The researchers’ task, which they call vision-and-language navigation in continuous environments (VLN-CE), takes place in Habitat, Facebook’s simulator that can train AI agents to operate in settings meant to mimic real-world environments. Agents represented by 1.5-meter-tall cylinders 0.2 meters in diameter are placed in interiors sourced from the Matterport3D data set, a collection of 90 environments captured through over 10,800 panoramas and corresponding 3D meshes. The agents must make one of four actions (move forward 0.25 meters, turn left or right 15 degrees, or stop at the goal position) along a path and learn to avoid getting stuck on obstacles, like chairs and tables.
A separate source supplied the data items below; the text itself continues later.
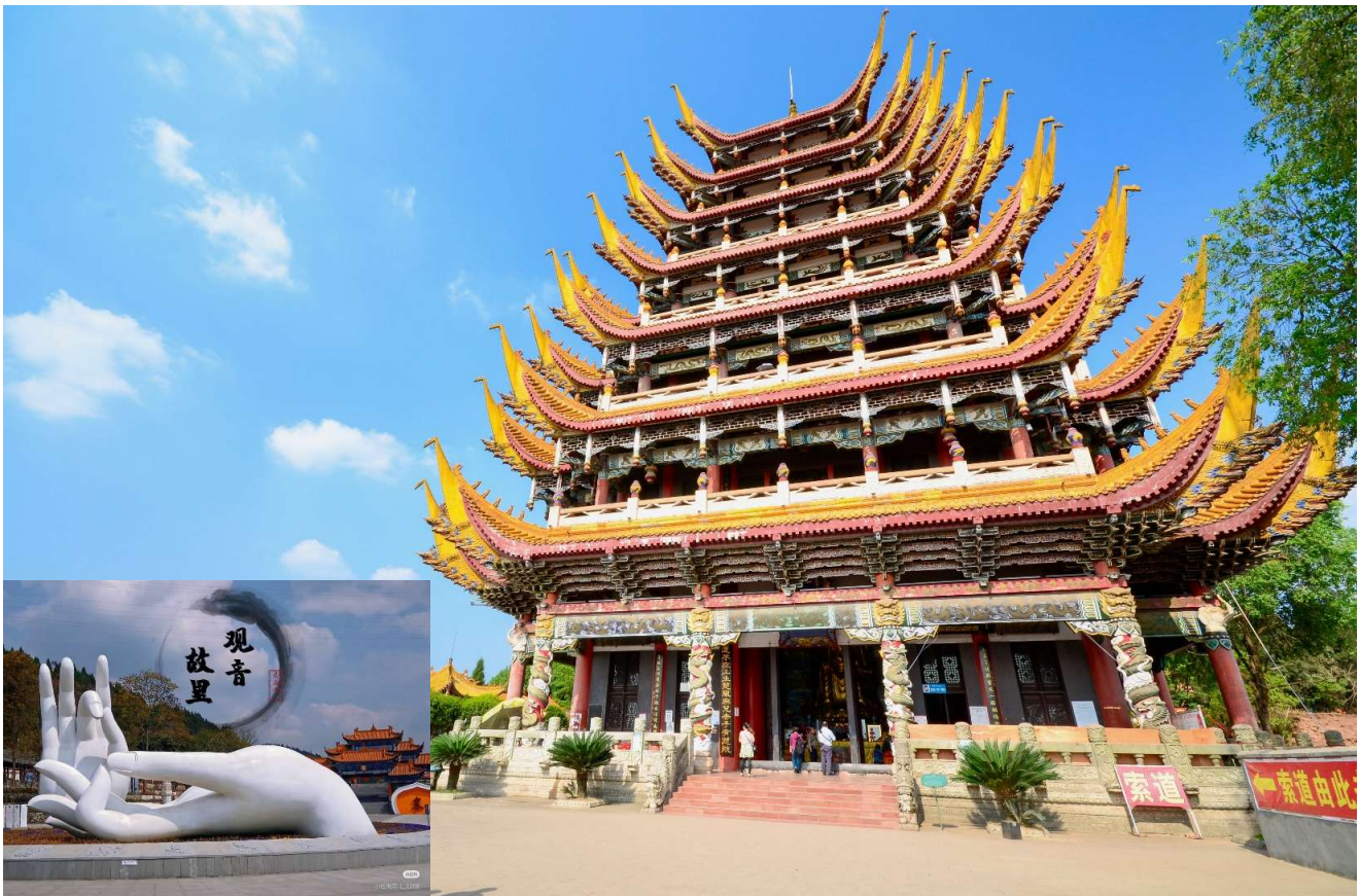
T2G-CKG36FD ฉงชิ่ง กวางอู่ชาน...วัดหลิงฉวน ต้าจู่ ชมถนนแปะก๊วย 5D 4N (FD)

จากนั้นนำท่านเดินทางสู่ วัดหลิงฉวน (Lingquan Temple) หรือ วัดเจ้าแม่กวนอิมกระพริบตา เป็นวัดเก่าแก่ซึ่งสร้างขึ้นในปลายราชวงศ์สุย (ค.ศ. 581 - 618) และบูรณะพัฒนาต่อเนื่องมา มีความเชื่อว่าเป็นวัดที่มีความศักดิ์สิทธิ์อย่างมาก มีเรื่องเล่ากันว่า เมื่อครั้งเกิดแผ่นดินไหวที่มณฑลเสฉวน ชาวบ้านที่มาสักการะเห็นเจ้าแม่องค์นี้ได้กระพริบตาและหลั่งน้ำตา เสมือนท่านสงสารชาวผู้ประสบภัย ภายในวัดแห่งนี้ยังได้แสดงประวัติของเจ้าแม่กวนอิม วิหารเจ้าแม่กวนอิม ภายในวิหารเจ้าแม่กวนอิม มีองค์เจ้าแม่กวนอิมยืนสูง 18.6 เมตร
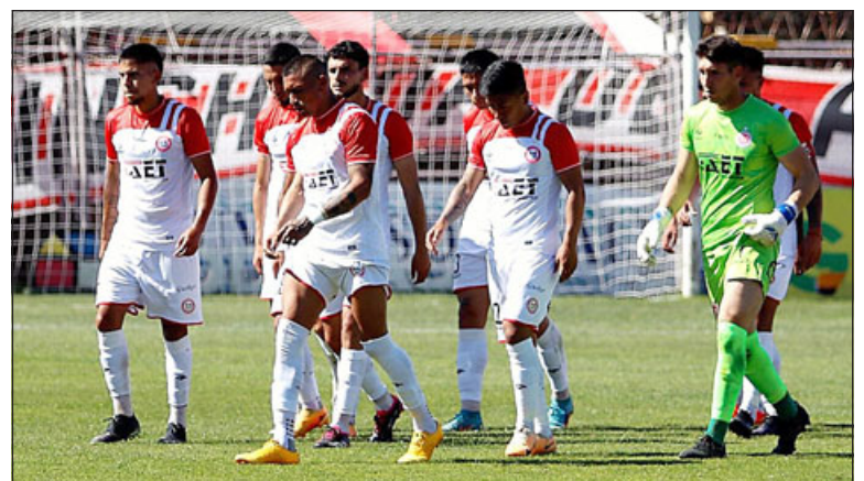
La dirigencia albirroja solicitó que todos los equipos con opciones de liguilla jueguen de manera simultánea.

El reclamo de los albirrojos tiene que ver con el hecho que el partido entre Deportes La Serena y Deportes Antofagasta, no se programó de manera simultánea al que sostendrá el Uní Uní con Deportes Puerto Montt. «Deportes La Serena, involucrado directamente en la definición de cupos para la Liguilla, jugará su partido un día después de los otros tres equipos en disputa, con una evidente e injustificada ventaja deportiva», dice parte del texto que la tarde del lunes recién pasado se hizo llegar al presidente de la
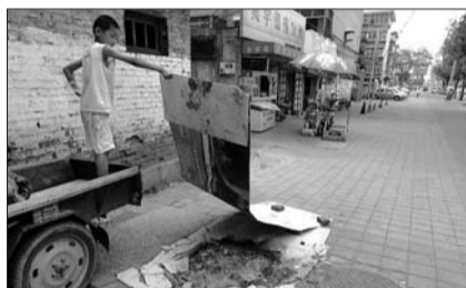
一个污水井盖缺失了两个多月。 地点:济南山大路27号门前
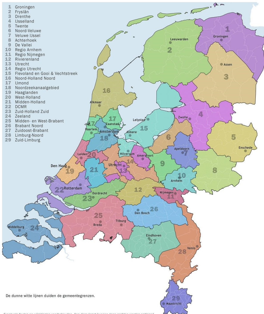
Figuur 2 Overzicht omgevingsdiensten.
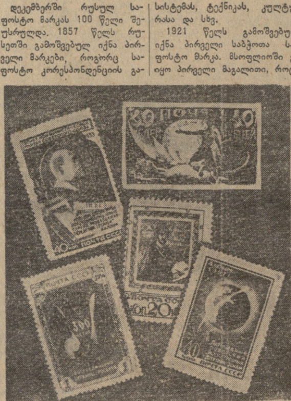
საბჭოთა მარკების ნიმუშები.

დავბავს ანაზღაურების ნიმუშს. პირველ რუსულ საბჭოთა მარკაზე გამოცემული იყო ორთავიანი არქივი, საფოსტო საბჭოთა მარკები. მანამდე ლოროვს რუსეთში, იგი სხვა ქვეყნებში საფოსტო მარკების ნაბატო სივრცეებში ითვლებოდა. მარკაზე შედგენილი იყო მარკაზე მარკების ნიმუშები. მარკაზე მარკების ნიმუშები. მარკაზე მარკების ნიმუშები.
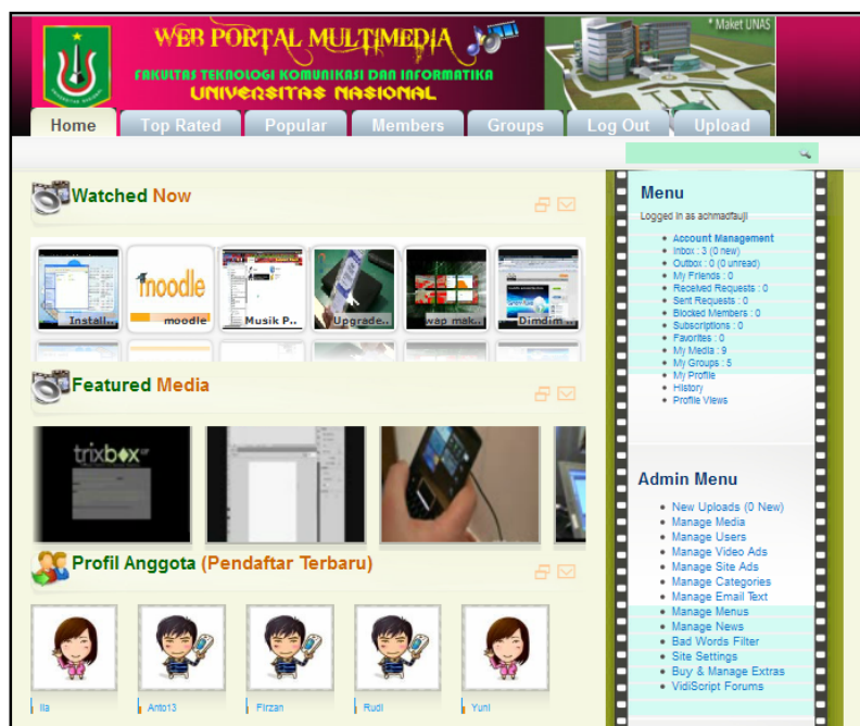
Gambar 2. Tampilan Home Web Portal
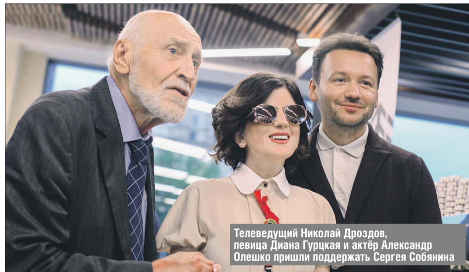
Телеведущий Николай Дроздов, певица Диана Гурцкая и актёр Александр Олешко пришли поддержать Сергея Собянина

The team distilled the environments into 4,475 trajectories consisting of 4 to 6 nodes, which corresponded to 360-degree panoramic images taken at locations and indicating navigability. They used this to train two AI models: a sequence-to-sequence model consisting of a policy that took a representation of visual observations and instructions and used them to predict an action, and a two-network cross-modal attention model that tracked observations and made decisions based on instructions and features.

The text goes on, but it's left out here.